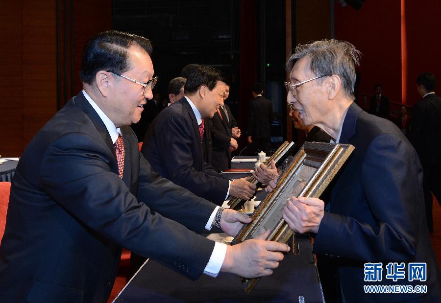 7月9日,中国国家博物馆建馆100周年纪念大会在北京隆重举行。中共中央政治局常委李长春出席大会并为文博界老专家颁奖。 新华社记者刘建生 摄
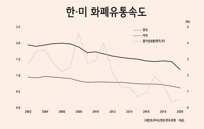 코로나19 이후 수조 달러의 돈을 푼 미국도 지난해 이 속도가 크게 떨어지긴 했지만 아직 우리나라의 두 배 수준이다. 세인트루이스 연방준비은행에 따르면 미국의 지난해 화폐유통속도는 1.19로 재작년보다 17.5% 줄었지마 여전히 1을 상회하고 있다.
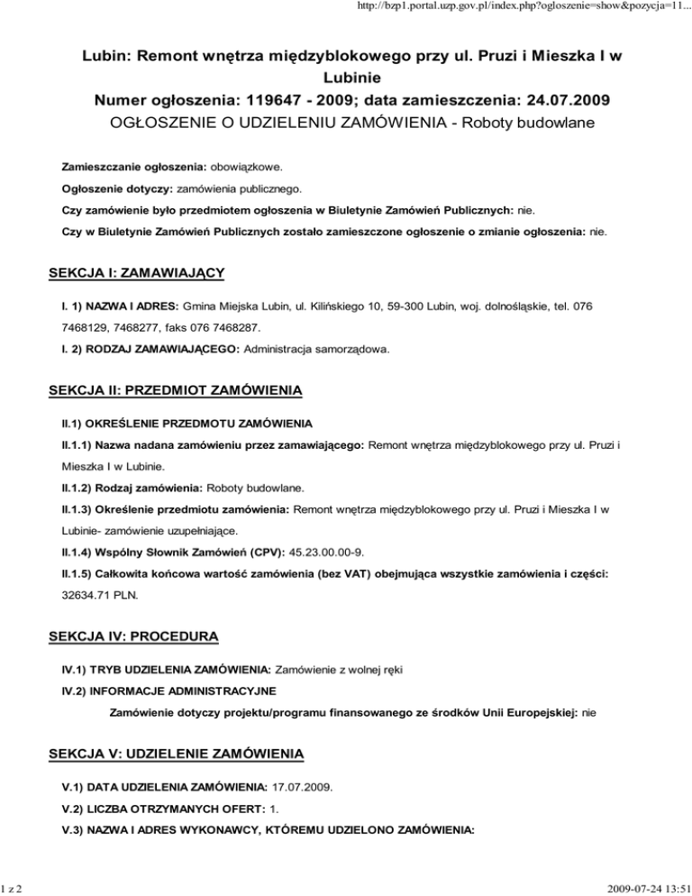 1z2 http://bzp1.portal.uzp.gov.pl/index.php?ogloszenie=show&pozycja=11... Lubin: Remont wnętrza międzyblokowego przy ul. Pruzi i Mieszka I w Lubinie Numer ogłoszenia: 119647 - 2009; data zamieszczenia: 24.07.2009 OGŁOSZENIE O UDZIELENIU ZAMÓWIENIA - Roboty budowlane Zamieszczanie ogłoszenia: obowiązkowe. Ogłoszenie dotyczy: zamówienia publicznego. Czy zamówienie było przedmiotem ogłoszenia w Biuletynie Zamówień Publicznych: nie. Czy w Biuletynie Zamówień Publicznych zostało zamieszczone ogłoszenie o zmianie ogłoszenia: nie. SEKCJA I: ZAMAWIAJĄCY I. 1) NAZWA I ADRES: Gmina Miejska Lubin, ul. Kilińskiego 10, 59-300 Lubin, woj. dolnośląskie, tel. 076 7468129, 7468277, faks 076 7468287. I. 2) RODZAJ ZAMAWIAJĄCEGO: Administracja samorządowa. SEKCJA II: PRZEDMIOT ZAMÓWIENIA II.1) OKREŚLENIE PRZEDMOTU ZAMÓWIENIA II.1.1) Nazwa nadana zamówieniu przez zamawiającego: Remont wnętrza międzyblokowego przy ul. Pruzi i Mieszka I w Lubinie. II.1.2) Rodzaj zamówienia: Roboty budowlane. II.1.3) Określenie przedmiotu zamówienia: Remont wnętrza międzyblokowego przy ul. Pruzi i Mieszka I w Lubinie- zamówienie uzupełniające. II.1.4) Wspólny Słownik Zamówień (CPV): 45.23.00.00-9. II.1.5) Całkowita końcowa wartość zamówienia (bez VAT) obejmująca wszystkie zamówienia i części: 32634.71 PLN. SEKCJA IV: PROCEDURA IV.1) TRYB UDZIELENIA ZAMÓWIENIA: Zamówienie z wolnej ręki IV.2) INFORMACJE ADMINISTRACYJNE Zamówienie dotyczy projektu/programu finansowanego ze środków Unii Europejskiej: nie SEKCJA V: UDZIELENIE ZAMÓWIENIA V.1) DATA UDZIELENIA ZAMÓWIENIA: 17.07.2009. V.2) LICZBA OTRZYMANYCH OFERT: 1. V.3) NAZWA I ADRES WYKONAWCY, KTÓREMU UDZIELONO ZAMÓWIENIA: 2009-07-24 13:51 2z2 http://bzp1.portal.uzp.gov.pl/index.php?ogloszenie=show&pozycja=11... PBU BUDGAR, UL. M. SKŁODOWSKIEJ-CURIE 97, 59-300 Lubin, kraj/woj. dolnośląskie. V.4) INFORMACJA O CENIE WYBRANEJ OFERTY ORAZ O NIE PODLEGAJĄCYCH ODRZUCENIU OFERTACH Z NAJNIŻSZĄ I NAJWYŻSZĄ CENĄ (bez VAT) Cena wybranej oferty: 32634.71 Oferta z najniższą ceną: 32634.71 oferta z najwyższą ceną: 32634.71 Waluta: PLN. 2009-07-24 13:51

----

Your objective> Write out again, exactly, only the lines from the beginning of the material above to the line that holds "코로나19 이후 수조", both ends included, and no pictures.

Result of this exercise>
 7月9日,中国国家博物馆建馆100周年纪念大会在北京隆重举行。中共中央政治局常委李长春出席大会并为文博界老专家颁奖。 新华社记者刘建生 摄
 코로나19 이후 수조 달러의 돈을 푼 미국도 지난해 이 속도가 크게 떨어지긴 했지만 아직 우리나라의 두 배 수준이다. 세인트루이스 연방준비은행에 따르면 미국의 지난해 화폐유통속도는 1.19로 재작년보다 17.5% 줄었지마 여전히 1을 상회하고 있다.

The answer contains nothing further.